## Exercise inputs
=== Section Start ===

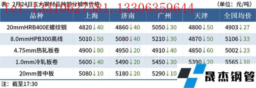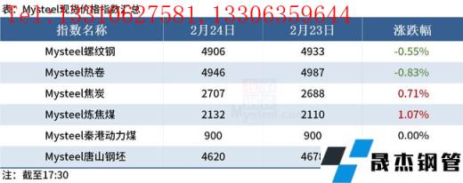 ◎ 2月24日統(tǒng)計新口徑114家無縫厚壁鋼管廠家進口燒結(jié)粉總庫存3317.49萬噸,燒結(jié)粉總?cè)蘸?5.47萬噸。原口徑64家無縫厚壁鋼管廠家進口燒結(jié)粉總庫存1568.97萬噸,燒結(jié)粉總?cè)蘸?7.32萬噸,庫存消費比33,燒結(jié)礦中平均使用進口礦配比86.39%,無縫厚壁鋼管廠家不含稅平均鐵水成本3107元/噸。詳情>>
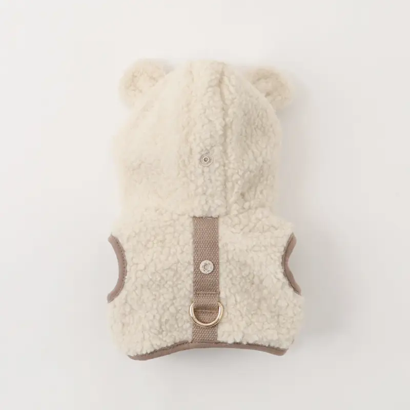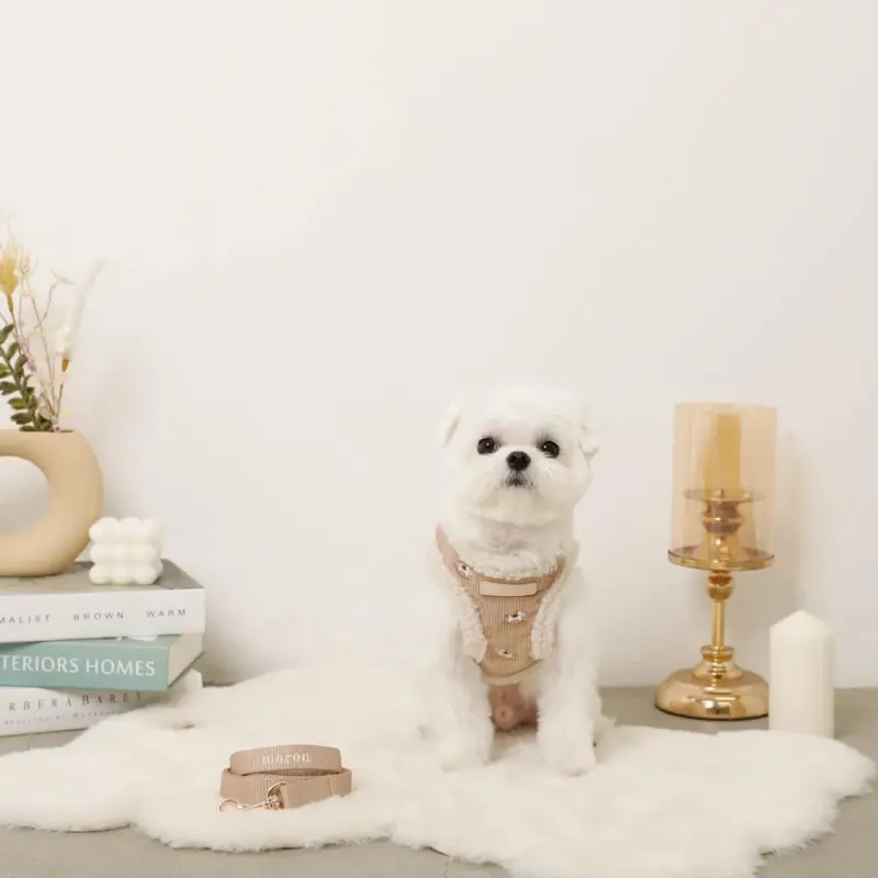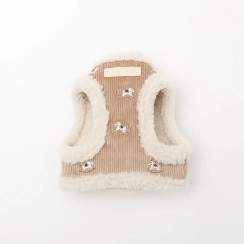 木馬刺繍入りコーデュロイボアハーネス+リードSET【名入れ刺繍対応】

=== Section End ===
=== Section Start ===

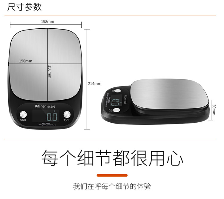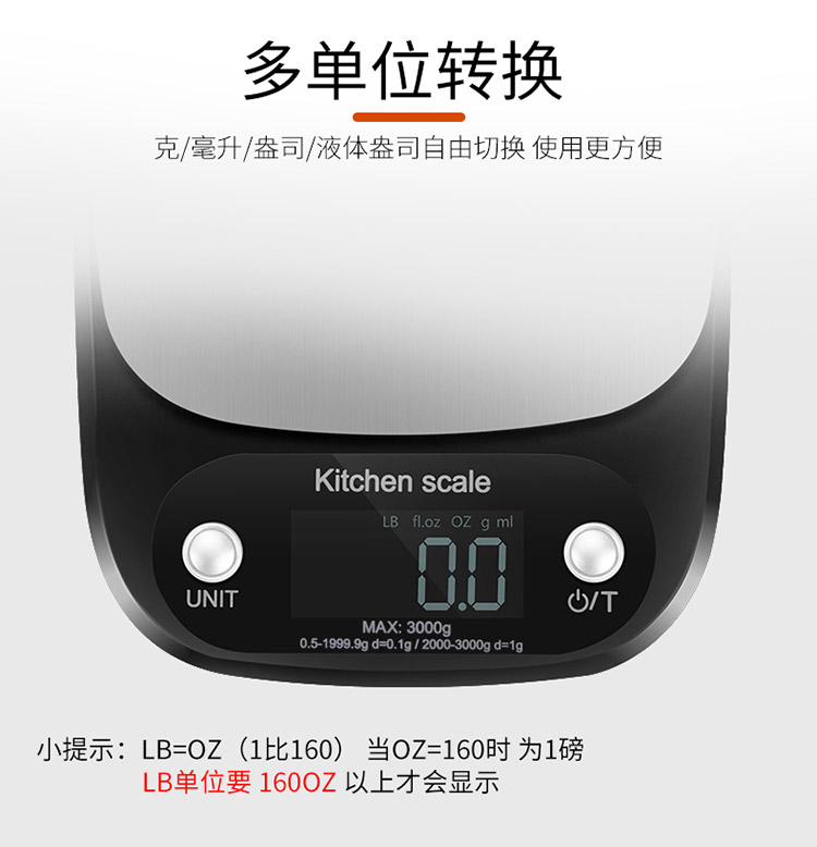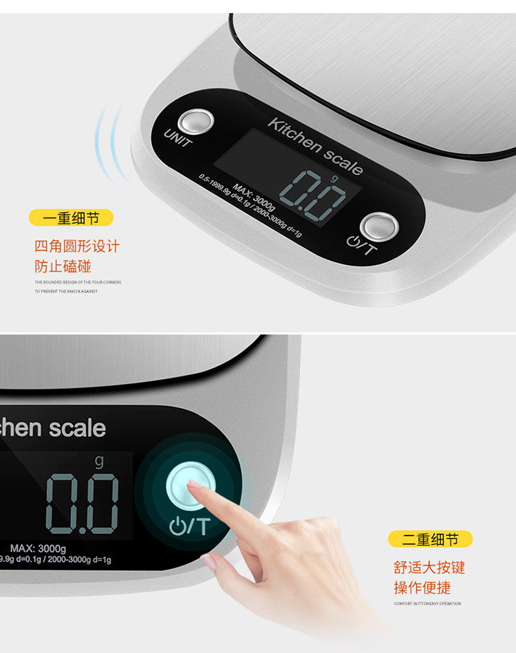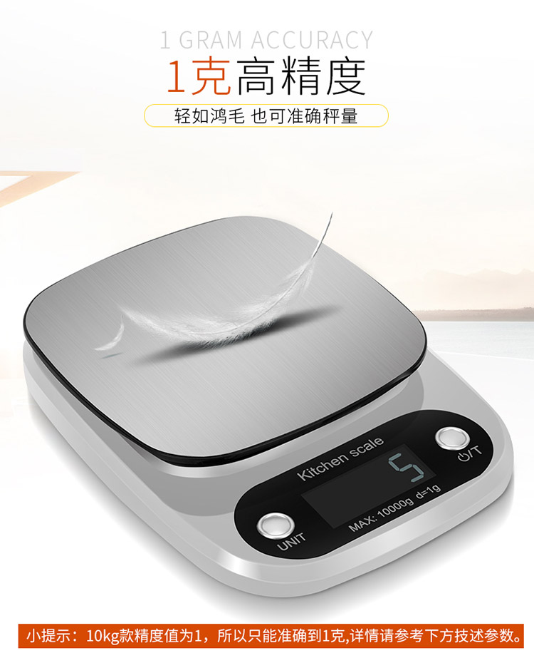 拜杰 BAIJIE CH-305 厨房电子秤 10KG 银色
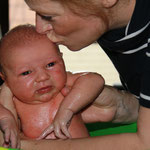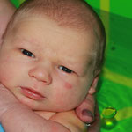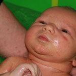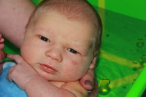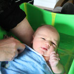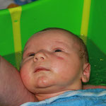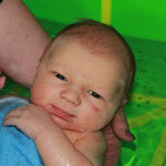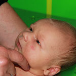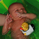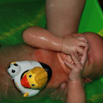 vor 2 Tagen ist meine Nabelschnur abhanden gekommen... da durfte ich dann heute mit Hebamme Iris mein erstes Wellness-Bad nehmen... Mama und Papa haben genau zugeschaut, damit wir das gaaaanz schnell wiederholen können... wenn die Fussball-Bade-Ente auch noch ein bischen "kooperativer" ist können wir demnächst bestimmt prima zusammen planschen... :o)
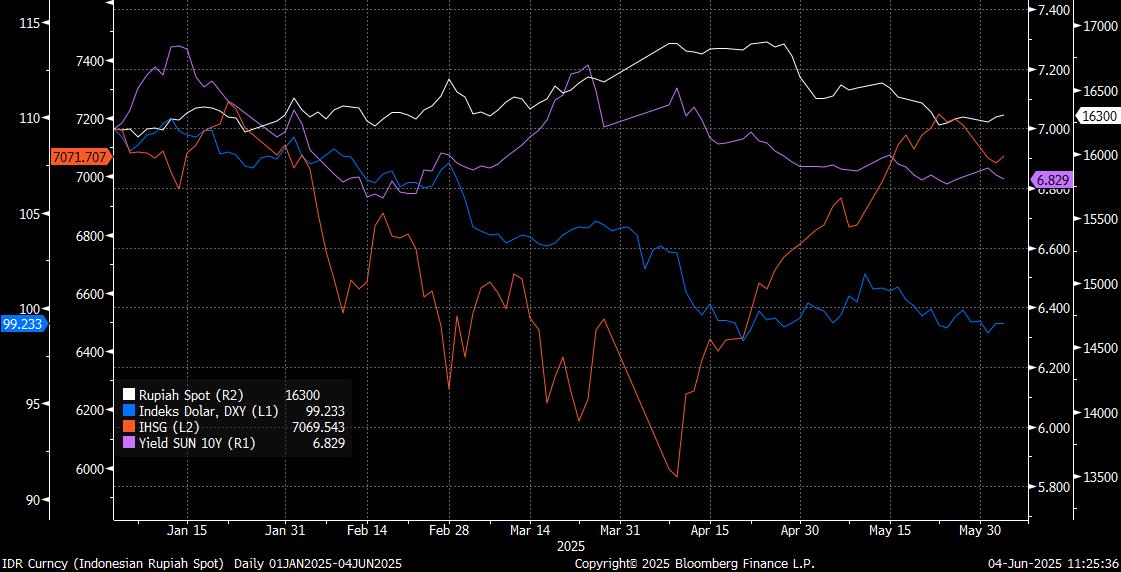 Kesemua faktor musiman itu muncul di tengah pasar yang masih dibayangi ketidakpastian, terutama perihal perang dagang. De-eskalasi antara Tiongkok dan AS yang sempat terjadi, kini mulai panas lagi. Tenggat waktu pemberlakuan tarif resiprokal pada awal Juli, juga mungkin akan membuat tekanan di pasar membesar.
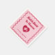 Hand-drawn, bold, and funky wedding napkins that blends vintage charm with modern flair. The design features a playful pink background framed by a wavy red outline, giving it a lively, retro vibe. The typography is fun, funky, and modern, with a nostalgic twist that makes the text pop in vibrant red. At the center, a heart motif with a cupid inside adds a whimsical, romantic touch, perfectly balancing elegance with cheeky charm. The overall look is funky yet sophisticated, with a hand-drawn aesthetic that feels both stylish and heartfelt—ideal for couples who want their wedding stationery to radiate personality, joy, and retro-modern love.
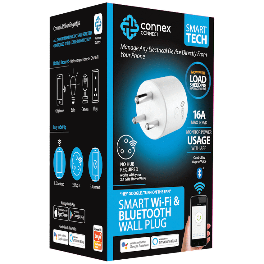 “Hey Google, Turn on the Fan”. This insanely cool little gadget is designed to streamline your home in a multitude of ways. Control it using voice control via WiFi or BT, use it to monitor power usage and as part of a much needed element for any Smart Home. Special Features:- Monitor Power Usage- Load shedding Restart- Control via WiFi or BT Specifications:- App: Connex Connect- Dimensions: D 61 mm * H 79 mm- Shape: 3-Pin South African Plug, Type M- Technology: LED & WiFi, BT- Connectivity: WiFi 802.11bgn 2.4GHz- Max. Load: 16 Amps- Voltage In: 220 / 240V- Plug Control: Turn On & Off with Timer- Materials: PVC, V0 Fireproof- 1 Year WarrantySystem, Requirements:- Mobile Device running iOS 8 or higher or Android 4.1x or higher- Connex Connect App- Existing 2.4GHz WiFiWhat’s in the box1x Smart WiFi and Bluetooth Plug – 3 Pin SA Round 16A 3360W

=== Section End ===

## Work order
Set down word for word the lines above from the one with "拜杰 BAIJIE CH-305 厨房电子秤 10KG 银色" up to and including the one with "Round 16A 3360W". Omit every picture.

## Task solution
 拜杰 BAIJIE CH-305 厨房电子秤 10KG 银色
 vor 2 Tagen ist meine Nabelschnur abhanden gekommen... da durfte ich dann heute mit Hebamme Iris mein erstes Wellness-Bad nehmen... Mama und Papa haben genau zugeschaut, damit wir das gaaaanz schnell wiederholen können... wenn die Fussball-Bade-Ente auch noch ein bischen "kooperativer" ist können wir demnächst bestimmt prima zusammen planschen... :o)
 Kesemua faktor musiman itu muncul di tengah pasar yang masih dibayangi ketidakpastian, terutama perihal perang dagang. De-eskalasi antara Tiongkok dan AS yang sempat terjadi, kini mulai panas lagi. Tenggat waktu pemberlakuan tarif resiprokal pada awal Juli, juga mungkin akan membuat tekanan di pasar membesar.
 Hand-drawn, bold, and funky wedding napkins that blends vintage charm with modern flair. The design features a playful pink background framed by a wavy red outline, giving it a lively, retro vibe. The typography is fun, funky, and modern, with a nostalgic twist that makes the text pop in vibrant red. At the center, a heart motif with a cupid inside adds a whimsical, romantic touch, perfectly balancing elegance with cheeky charm. The overall look is funky yet sophisticated, with a hand-drawn aesthetic that feels both stylish and heartfelt—ideal for couples who want their wedding stationery to radiate personality, joy, and retro-modern love.
 “Hey Google, Turn on the Fan”. This insanely cool little gadget is designed to streamline your home in a multitude of ways. Control it using voice control via WiFi or BT, use it to monitor power usage and as part of a much needed element for any Smart Home. Special Features:- Monitor Power Usage- Load shedding Restart- Control via WiFi or BT Specifications:- App: Connex Connect- Dimensions: D 61 mm * H 79 mm- Shape: 3-Pin South African Plug, Type M- Technology: LED & WiFi, BT- Connectivity: WiFi 802.11bgn 2.4GHz- Max. Load: 16 Amps- Voltage In: 220 / 240V- Plug Control: Turn On & Off with Timer- Materials: PVC, V0 Fireproof- 1 Year WarrantySystem, Requirements:- Mobile Device running iOS 8 or higher or Android 4.1x or higher- Connex Connect App- Existing 2.4GHz WiFiWhat’s in the box1x Smart WiFi and Bluetooth Plug – 3 Pin SA Round 16A 3360W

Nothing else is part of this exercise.